There are infinitely many primitive Pythagorean triples (i.e., where $a$, $b$ and $c$ are coprime), such as explained in Pythagorean triple. Choose any one where the $c$ in

$$a^2 + b^2 = c^2 \implies 1 = \frac{a^2}{c^2} + \frac{b^2}{c^2} \tag{1}\label{eq1A}$$

has $c \not\mid n$, e.g., $c \gt n$. Multiplying both sides of \eqref{eq1A} by $n^2$ gives

$$n^2 = \frac{(na)^2}{c^2} + \frac{(nb)^2}{c^2} \tag{2}\label{eq2A}$$

This shows we can use $r = \frac{na}{c}$ and $s = \frac{nb}{c}$ since both values are non-integral.

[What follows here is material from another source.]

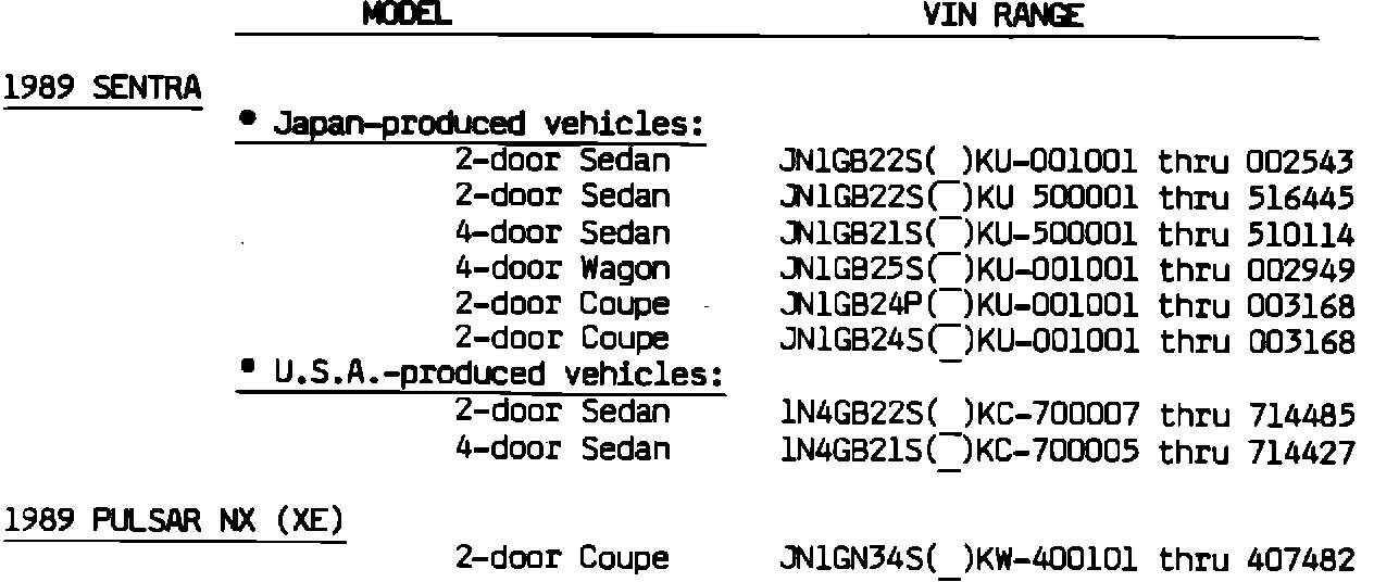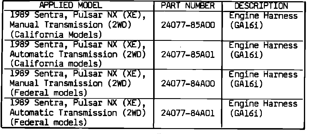 Early production 1989 Sentra and Pulsar XE vehicles which were shipped from the ports before September 27, 1988 had a section of the starter wiring harness located very close to the E.G.R. valve. In some cases, exhaust heat could damage this harness. This information was already communicated to Nissan dealerships in a Datanet Message in late September, and corrective measures were published and sent to dealers in a Service Advisory (TS88-134), dated October 10, 1988.

For example, since $(68, 285, 293)$ is a Pythagorean triple, for any $n \lt 293$ (actually, since $293$ is a prime number, we can do this for any $n$ which doesn't have a factor of $293$), we get

$$n^2 = \frac{(68n)^2}{293^2} + \frac{(285n)^2}{293^2} \tag{3}\label{eq3A}$$

Answer 2

Fix $n \in \Bbb N$.

Simple fact: the following set $$S'=\{ (r,s) \in \Bbb Q \times \Bbb Z : n^2= r^2+s^2 \} \cup \{ (r,s) \in \Bbb Z \times \Bbb Q : n^2= r^2+s^2\}$$ is the union of two finite sets, hence it is a finite set.

Less obvious fact: the set $$S=\{ (r,s) \in \Bbb Q^2 : n^2= r^2+s^2 \}$$ is an infinite set. In particular $S \setminus S' \neq \emptyset$. This means that there exist $r,s \in \Bbb Q \setminus \Bbb Z$ such that $$n^2=r^2+s^2$$

I leave to you to prove that $S'$ is a finite set. Let's see why $S$ is infinite.

$S$ is an infinite set because there exist infinitely many primitive pythagorean triples $(a,b,c)$. For any such Pythagorean triple you can construct $r,s$ by the map $$(a,b,c) \mapsto \left( \frac{an}{c}, \frac{bn}{c} \right)$$ Indeed $$\left( \frac{an}{c}\right)^2 + \left( \frac{bn}{c}\right)^2 = \frac{n^2(a^2+b^2)}{c^2}=n^2$$